_Task instructions_.
Your job is to print, exactly, the lines in the data below from the line with "2. minut - Zvezdina" through the line with "뉴스펀치 박세훈 기자", both included, and to omit any picture.

_Information shown_.
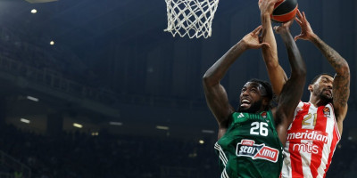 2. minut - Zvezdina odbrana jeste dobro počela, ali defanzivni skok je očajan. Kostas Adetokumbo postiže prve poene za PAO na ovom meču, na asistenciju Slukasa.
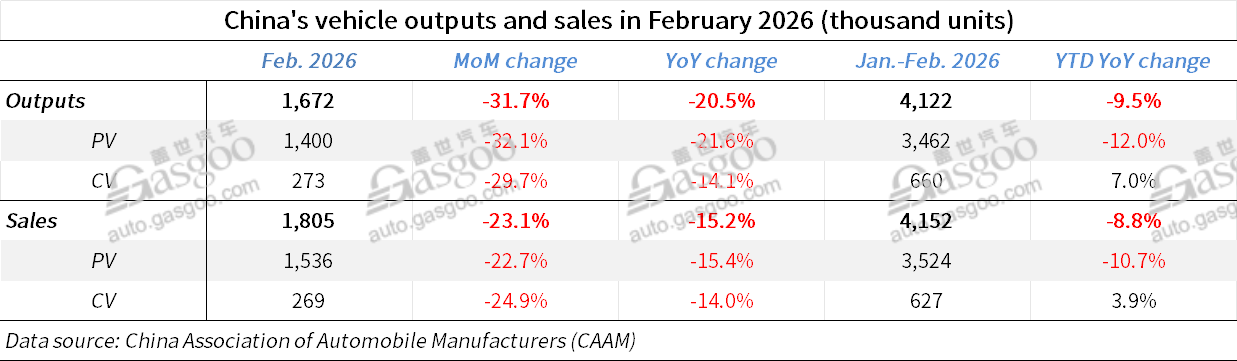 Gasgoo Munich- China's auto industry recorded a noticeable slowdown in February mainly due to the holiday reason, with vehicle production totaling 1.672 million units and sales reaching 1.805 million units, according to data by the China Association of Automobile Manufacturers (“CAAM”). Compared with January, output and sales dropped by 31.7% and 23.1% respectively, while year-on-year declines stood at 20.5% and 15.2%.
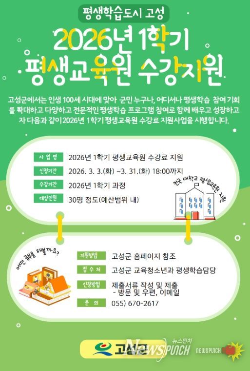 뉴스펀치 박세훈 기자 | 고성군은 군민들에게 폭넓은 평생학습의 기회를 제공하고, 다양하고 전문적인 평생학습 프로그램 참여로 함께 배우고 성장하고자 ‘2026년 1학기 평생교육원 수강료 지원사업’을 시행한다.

* * *

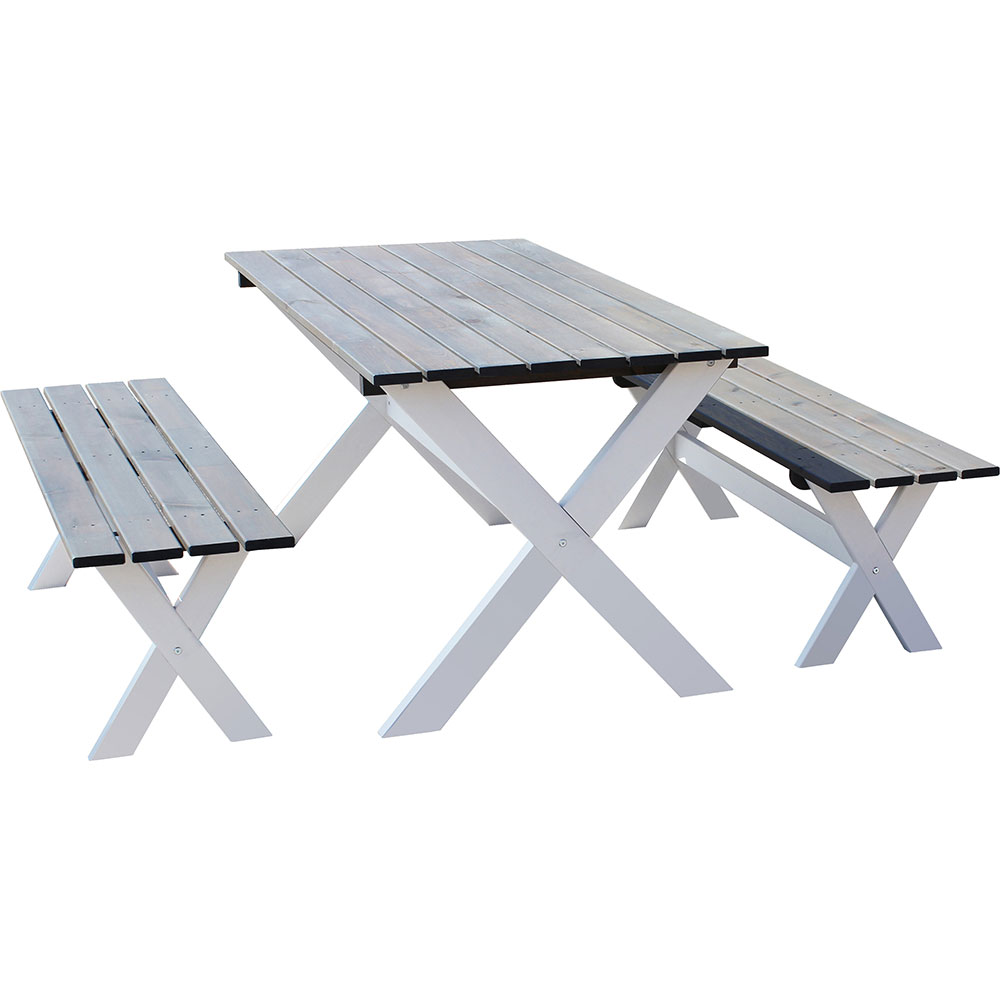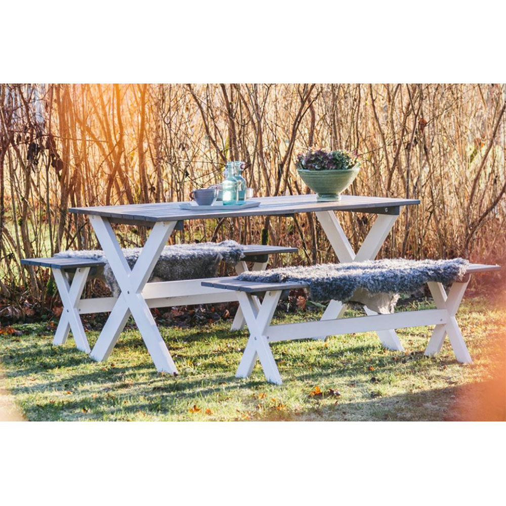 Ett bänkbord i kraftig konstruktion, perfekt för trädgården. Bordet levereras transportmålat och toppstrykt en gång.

_Reply to the exercise_.
 2. minut - Zvezdina odbrana jeste dobro počela, ali defanzivni skok je očajan. Kostas Adetokumbo postiže prve poene za PAO na ovom meču, na asistenciju Slukasa.
 Gasgoo Munich- China's auto industry recorded a noticeable slowdown in February mainly due to the holiday reason, with vehicle production totaling 1.672 million units and sales reaching 1.805 million units, according to data by the China Association of Automobile Manufacturers (“CAAM”). Compared with January, output and sales dropped by 31.7% and 23.1% respectively, while year-on-year declines stood at 20.5% and 15.2%.
 뉴스펀치 박세훈 기자 | 고성군은 군민들에게 폭넓은 평생학습의 기회를 제공하고, 다양하고 전문적인 평생학습 프로그램 참여로 함께 배우고 성장하고자 ‘2026년 1학기 평생교육원 수강료 지원사업’을 시행한다.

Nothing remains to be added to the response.